Yes, but, it will certainly increase the flow of Greeks, Italians, Portuguese, Spaniards, etc. moving their Euro deposits to USD, gold etc. held offshore. This moves seems hand-crafted to trigger a Euro-wide bank run.
Andrew: It might. There are two possibilities:
1. People run from Euro bank deposits into Euro notes (or out of Club Med deposits into Club Baltic deposits).
2. People run from all Euro deposits and notes into foreign deposits and notes and into real assets.
(Or maybe a mix of both, of course).
Ironically, 2 might be a good thing, for the Eurozone!
Andrew F: “This moves seems hand-crafted to trigger a Euro-wide bank run.”
Don’t forget that policy is endogenous.

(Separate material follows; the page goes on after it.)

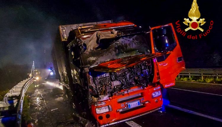 MONTALTO :: 20/02/2021 :: Questa sera i vigili del fuoco del Comando di Cosenza sono intervenuti sull’A2 (km 252 in direzione nord) fra gli svincoli di Cosenza nord e Montalto per l’incendio di un tir che trasportava agrumi. L’autista appena accortosi delle fiamme ha abbandonato il veicolo mettendosi in salvo. Il tempestivo intervento della squadra ha evitato la propagazione delle fiamme all’intero veicolo. Sul posto la polizia stradale e l’Anas per la gestione della viabilità e per il ripristino della normale circolazione.

There are strong forces that will move ECB/IMF/EU policy to avoid Euro-wide bank runs (e.g. by reversing course and simply making whole all deposits in Cyprus.)
I think it is more realistic to see the Cyprus deal as an attempt to minimize the cost of bailing out a very small member state whose situation, for a variety of reasons, evokes very little sympathy from the lenders. As such, it is a trial balloon that will be quickly hauled in if things go badly awry.
‘Unfortunately, the very same time you most want to borrow Euros is exactly the time nobody wants to lend to you.”
But is NGDPO works the way its supposed to (largely via expectations) – then they may not actually have to borrow the money, right ?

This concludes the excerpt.